Before I begin, a disclaimer. VoltDB is not a customer, and did not pay Percona or me to investigate VoltDB’s scalability or publish this blog post. More disclaimers at the end. Short version: VoltDB is very scalable; it should scale to 120 partitions, 39 servers, and 1.6 million complex transactions per second at over 300 CPU cores, on the benchmarked configuration, with the recommended level of redundancy for HA.
First, if you’re new to VoltDB, I’ll summarize: it’s an open-source OLTP database that is designed to run on a cluster, not just a single machine, and doesn’t sacrifice consistency during a network partition. It is an in-memory shared-nothing system, and tables are partitioned across multiple servers in the cluster; high availability is ensured by keeping more copies of each partition. You query VoltDB with stored procedures, not with arbitrary SQL queries. It is designed to be very fast (hundreds of thousands of TPS) even on low-end machines, by doing away with the usual buffer pools, logs, latching, and so on.
The benchmark is VoltDB’s “voter” benchmark, which is explained briefly at this blog post. VoltDB’s Tim Callaghan ran the benchmark three times for each node count from 1 to 12, for k-factors of 0, 1, and 2. The k-factor is the number of redundant copies of each partition that the system maintains. An update to a partition in one server is synchronously replicated to all other copies in the cluster before the transaction completes.

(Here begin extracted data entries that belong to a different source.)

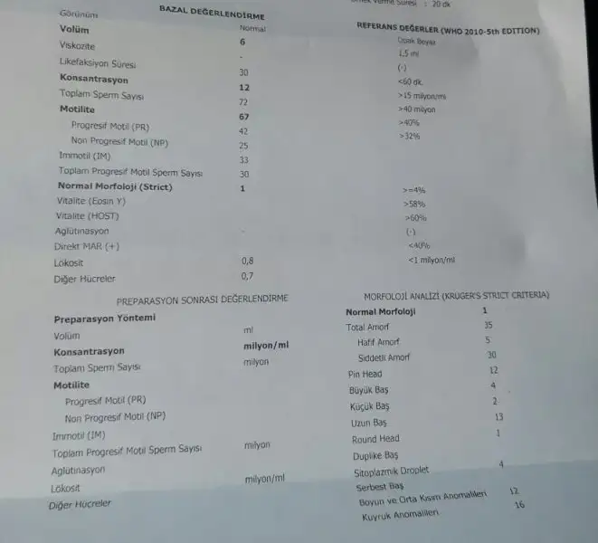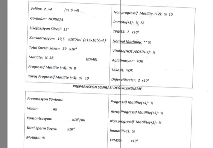Benimde eşimin sonuçları böyle. Aşılama yaptırdık tutmadı kızlar şimdi tüp bebek füşünüyoruz. Bende bi sorun yok çok şükür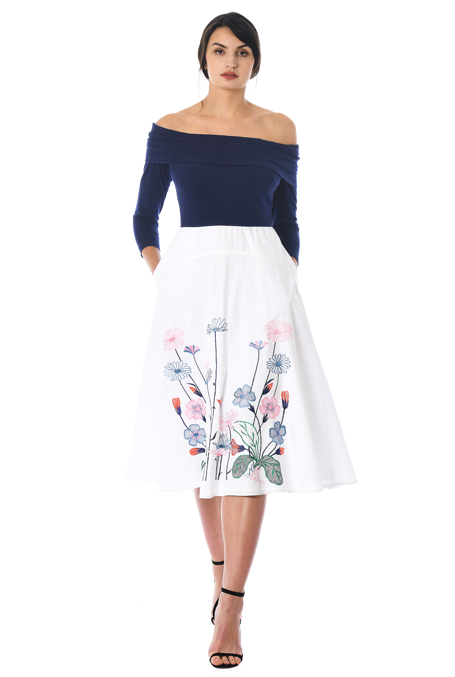 - http://www.eshakti.com/shop/Dresses/Off-the-shoulder-floral-embellished-mixed-media-dress-CL0056577
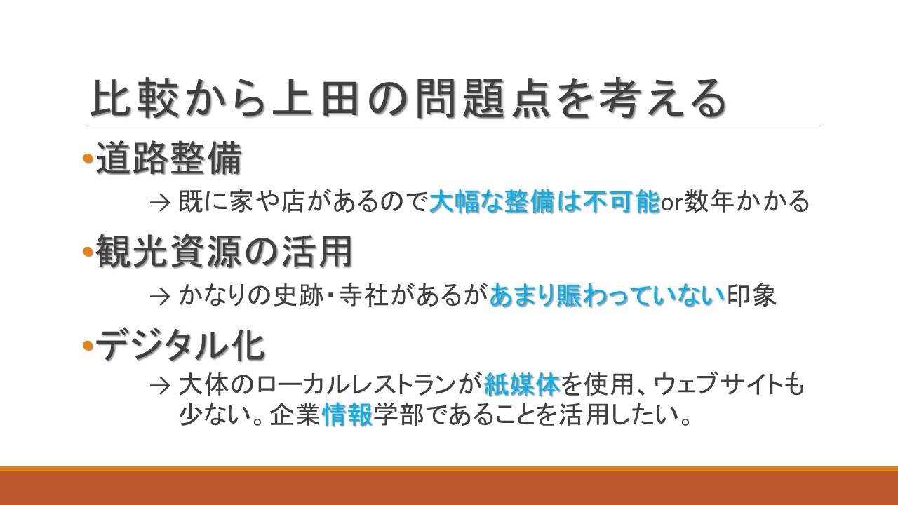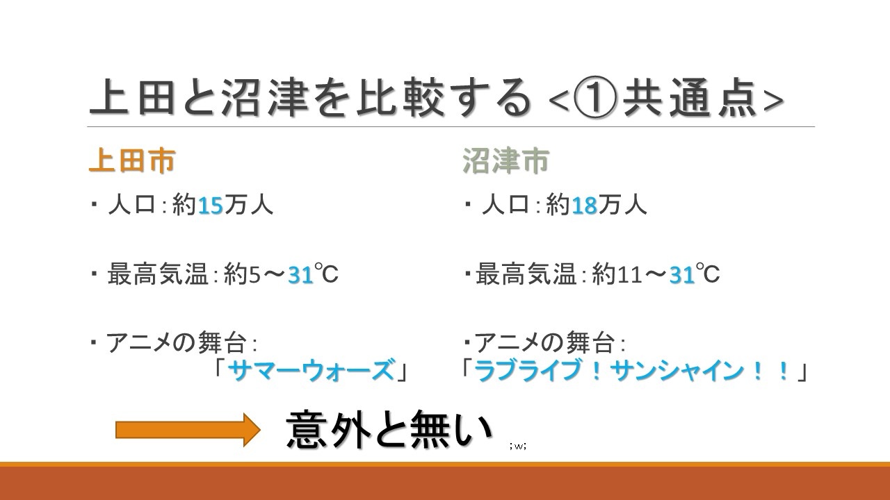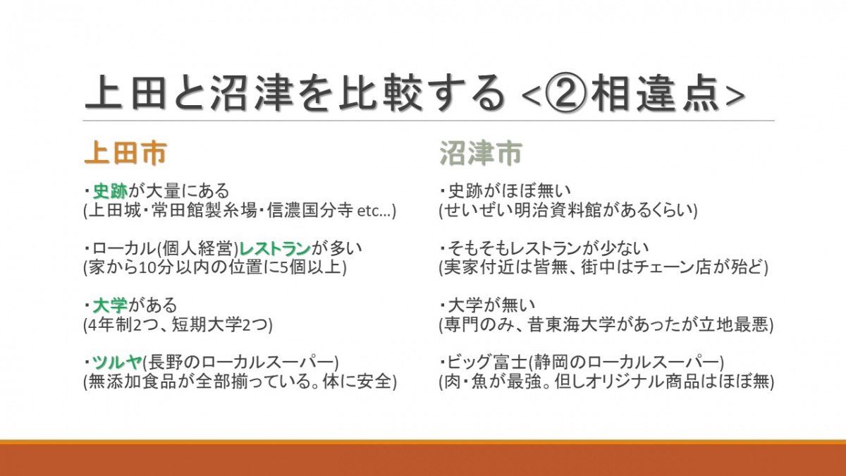 現在住んでいる、長野県上田市と、僕の地元である静岡県沼津市を比較し、両者の良い点、悪い点をまとめたPowerpointのスライドです。

Running all these benchmarks is a lot of work, which is why it is useful to run benchmarks for a dozen machines and model the behavior at larger cluster sizes. I used Neil J. Gunther’s Universal Scalability Law (USL) to model the cluster’s scalability. If you are not familiar with this model, probably the most succinct write-up is in a white paper I published some time ago. Let’s go right to the results and then I will discuss the details about the modeling.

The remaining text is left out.